Ночь убегает осторожно,

                                          как по краешку,

но быстро-быстро –

                                 нужен глаз да глаз.

Сама собой связалась она в варежку,

такую мягкую, что можно сердце класть.

А может быть не варежку –

                                               гнездо.

Как хорошо им снова быть проглоченным.

Пролиться бы мне словом иль слезой,

ведь благодарность быть собою хочет.

Но коготками застревают в горле

                                                         (ложью?)

слова новорожденные и тощие.

Сказать нежней – не можно,

                                               больше – можно,

чем «мама моя»,

                            «дочь моя».

 

Спасибо вам, что сладко так не спится,

спаси вас бог от недругов и сглазу.

 

Покалывают сердце тонко спицы –

артерии и вены наши вяжут.

 

*  *  *

Звезда колючая, как дождь за воротник.

Я не пойму тебя, не объясню.

Дыханье затая по-воровски,

краду глазами и люблю.

Пульсирует роса на листьях чаще,

сиянием охвачена, как инеем.

Я полюбил отверженности счастье –

молюсь звезде под твоим именем.

Течет она пронзительной слезой,

но темен ночи лик и неразгадан.

Я подымусь на цыпочки,

                                         слизну –

боль солона, совсем как радость.

Запомню вкус, о лучик уколовшись,

и в долгий день с собою унесу.

 

Глаза мои запали, как колодцы,

и вижу потому я днем звезду.

 

Вызывание души (?)

Чай заварен, а тебя все нет.

Воздух беден,

                       будто узенькое горлышко.

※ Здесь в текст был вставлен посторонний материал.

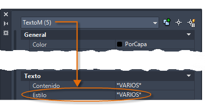 Al igual que otros elementos de anotación, el texto de líneas múltiples proporciona una gran cantidad de parámetros. Puede guardar estos parámetros como un estilo de texto mediante el comando ESTILO y, a continuación, acceder a los estilos de texto haciendo clic en la flecha de la lista desplegable del grupo Anotación. El estilo de texto actual se muestra en la parte superior de la lista desplegable.
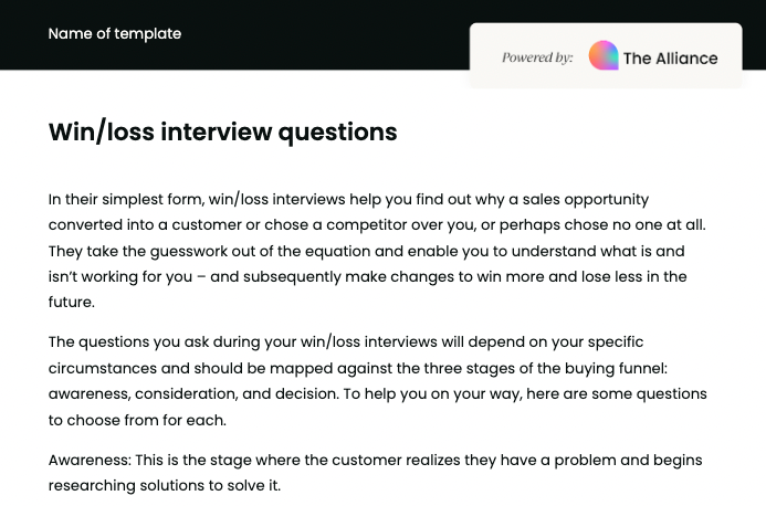 Our win/loss interview questions template gives you all the prompts you need to understand why a sales opportunity resulted in either a win (a new customer) or a loss (choosing a competitor or no one at all).
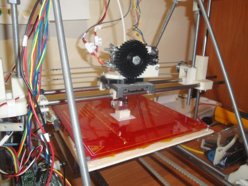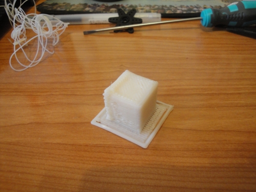 Hoy, 24 de Diciembre del 2011, a las 10h de la mañana, Mi clon R2D2 ha impreso su primera pieza! Ha sido un cubo de 2cm de arista. Aquí está la prueba:
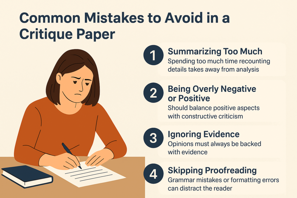 Many students struggle with critique papers because they confuse them with summaries or opinion pieces. A critique paper is not just about retelling the content—it is about analyzing, evaluating, and providing evidence-based insights. Below are some common mistakes to avoid when writing one:

Шкурою к стене прибита тень.

Птица, затаясь, лелеет горюшко.

 

Где ты, долгожданная моя?

Кажется, стоишь ты за плечом...

Пульс свой тихо слушает Земля,

он стрекочет свадьбою сверчков.

 

Через этот свист и ток крови,

в душу загляну свою,

                                    как (в) скважину,

и тебя увижу:

                                           Говори,

через тыщи тиши связь налажена.

…......................................................

Чай холоден.

                   Ты давно ушла.

Ночь стала прозрачною совсем.

В кулачке сердечных мышц – душа

сжата от предчувствия вестей.

 

От ветра

Застилают слезы небо и Луну,

потому что веки содраны песком.

Вымою глаза.

                       Подкошенно усну.

Безнадежно.

                     Слышу крик:

                                           – Постой...

 

Сон трясет кровать мою, как розвальни.

Под обрыв – так под обрыв...

                                              – Постой.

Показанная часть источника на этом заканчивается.